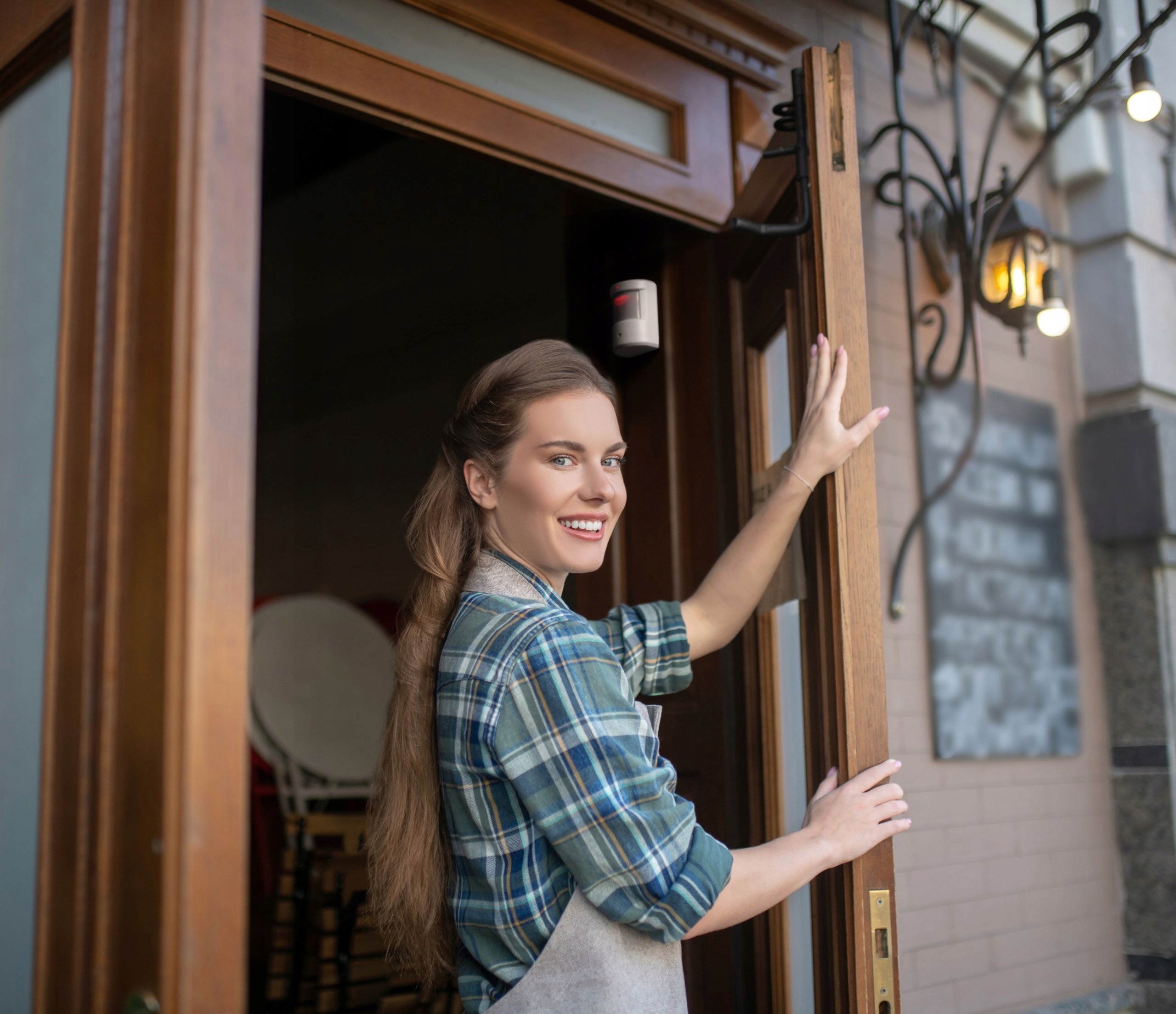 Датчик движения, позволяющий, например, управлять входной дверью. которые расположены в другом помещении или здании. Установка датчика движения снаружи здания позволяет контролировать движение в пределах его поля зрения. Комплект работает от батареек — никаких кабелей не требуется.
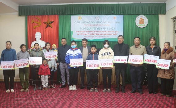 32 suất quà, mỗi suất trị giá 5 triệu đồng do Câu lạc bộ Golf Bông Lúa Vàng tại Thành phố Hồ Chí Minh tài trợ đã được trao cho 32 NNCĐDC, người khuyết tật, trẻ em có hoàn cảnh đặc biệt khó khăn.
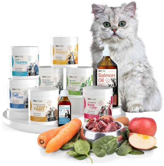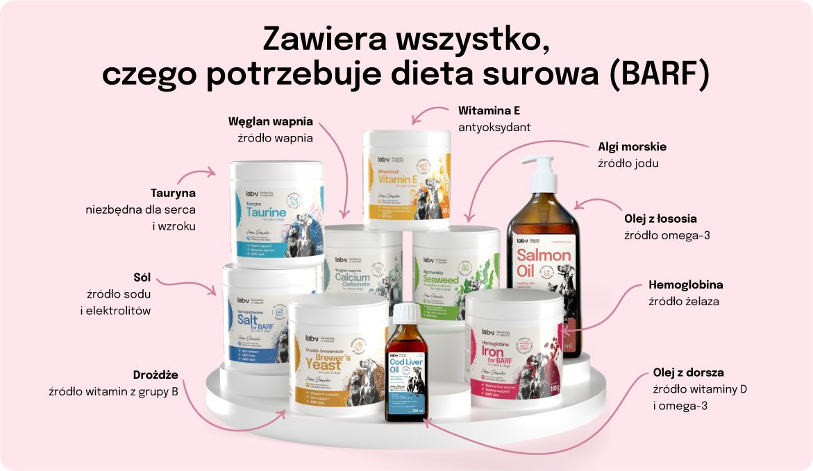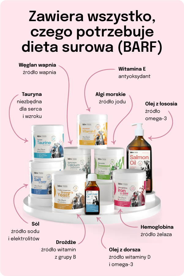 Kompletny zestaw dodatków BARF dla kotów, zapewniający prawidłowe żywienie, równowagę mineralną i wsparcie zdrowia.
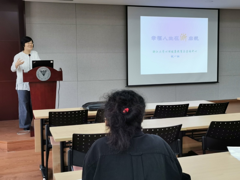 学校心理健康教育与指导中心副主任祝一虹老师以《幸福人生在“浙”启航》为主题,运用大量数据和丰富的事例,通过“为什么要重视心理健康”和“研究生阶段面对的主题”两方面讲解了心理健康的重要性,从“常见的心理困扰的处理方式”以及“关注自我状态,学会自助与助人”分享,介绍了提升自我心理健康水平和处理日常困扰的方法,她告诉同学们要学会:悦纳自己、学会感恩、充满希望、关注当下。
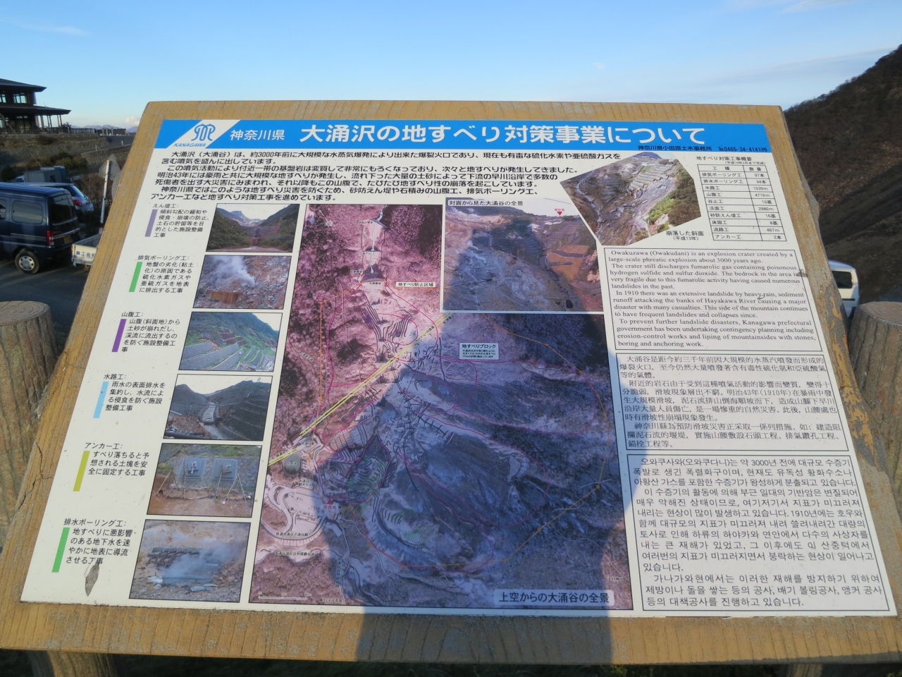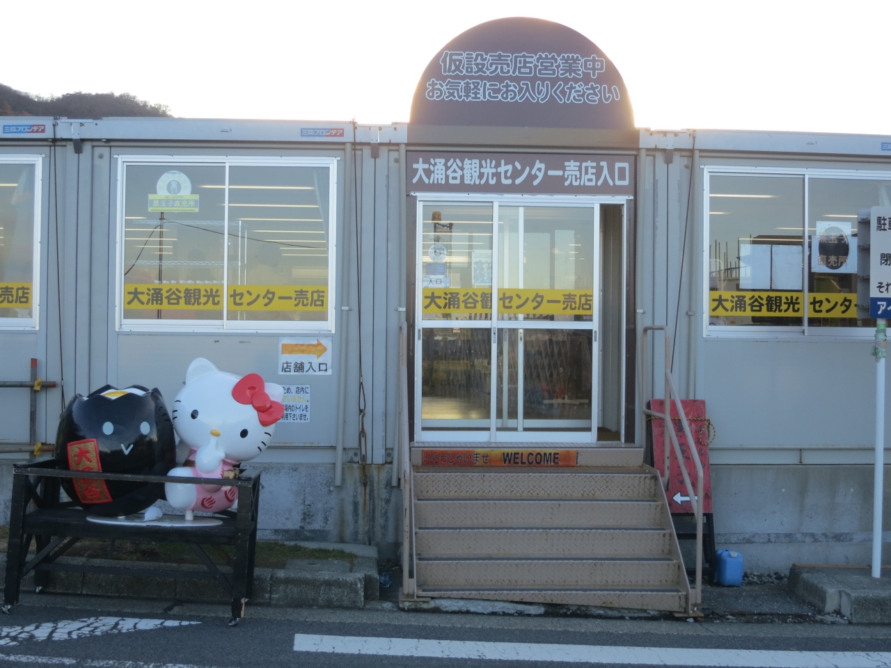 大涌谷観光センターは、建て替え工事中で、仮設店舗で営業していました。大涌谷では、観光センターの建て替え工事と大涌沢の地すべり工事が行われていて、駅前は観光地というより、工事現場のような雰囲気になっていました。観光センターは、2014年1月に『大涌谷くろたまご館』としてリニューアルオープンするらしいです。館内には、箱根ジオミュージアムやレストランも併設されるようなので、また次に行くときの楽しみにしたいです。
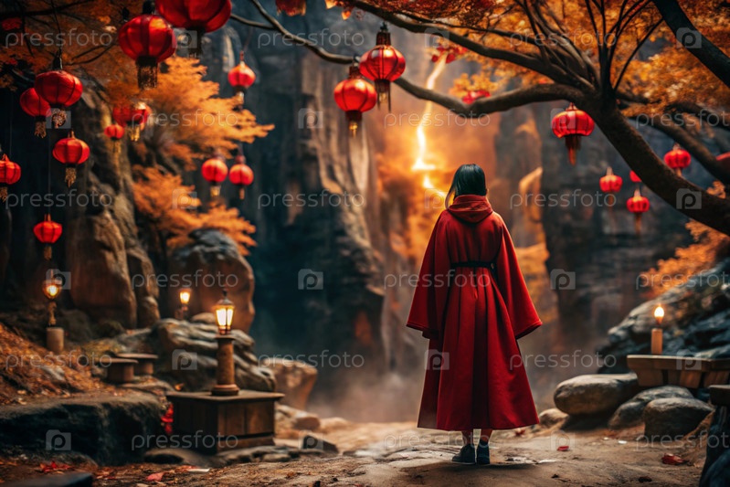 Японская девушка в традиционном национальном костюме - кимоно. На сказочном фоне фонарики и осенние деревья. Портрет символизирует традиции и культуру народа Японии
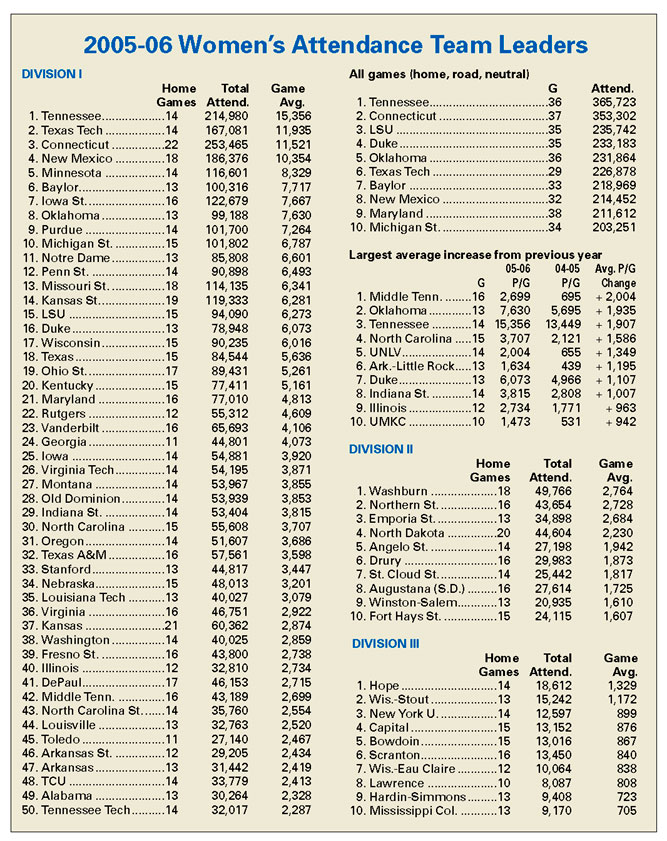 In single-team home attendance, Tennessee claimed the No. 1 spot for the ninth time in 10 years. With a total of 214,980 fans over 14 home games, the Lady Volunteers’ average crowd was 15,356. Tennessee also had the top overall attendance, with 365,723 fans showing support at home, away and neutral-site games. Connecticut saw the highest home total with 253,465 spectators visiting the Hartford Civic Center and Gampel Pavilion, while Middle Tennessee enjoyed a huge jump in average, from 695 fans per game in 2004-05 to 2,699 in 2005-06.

----

* _WORK TO BE COMPLETED_: What is needed is an exact copy of the lines from the start of the records through the line containing "大涌谷観光センターは、建て替", with no pictures.

* _WORKED SOLUTION_:
 Датчик движения, позволяющий, например, управлять входной дверью. которые расположены в другом помещении или здании. Установка датчика движения снаружи здания позволяет контролировать движение в пределах его поля зрения. Комплект работает от батареек — никаких кабелей не требуется.
 32 suất quà, mỗi suất trị giá 5 triệu đồng do Câu lạc bộ Golf Bông Lúa Vàng tại Thành phố Hồ Chí Minh tài trợ đã được trao cho 32 NNCĐDC, người khuyết tật, trẻ em có hoàn cảnh đặc biệt khó khăn.
 Kompletny zestaw dodatków BARF dla kotów, zapewniający prawidłowe żywienie, równowagę mineralną i wsparcie zdrowia.
 学校心理健康教育与指导中心副主任祝一虹老师以《幸福人生在“浙”启航》为主题,运用大量数据和丰富的事例,通过“为什么要重视心理健康”和“研究生阶段面对的主题”两方面讲解了心理健康的重要性,从“常见的心理困扰的处理方式”以及“关注自我状态,学会自助与助人”分享,介绍了提升自我心理健康水平和处理日常困扰的方法,她告诉同学们要学会:悦纳自己、学会感恩、充满希望、关注当下。
 大涌谷観光センターは、建て替え工事中で、仮設店舗で営業していました。大涌谷では、観光センターの建て替え工事と大涌沢の地すべり工事が行われていて、駅前は観光地というより、工事現場のような雰囲気になっていました。観光センターは、2014年1月に『大涌谷くろたまご館』としてリニューアルオープンするらしいです。館内には、箱根ジオミュージアムやレストランも併設されるようなので、また次に行くときの楽しみにしたいです。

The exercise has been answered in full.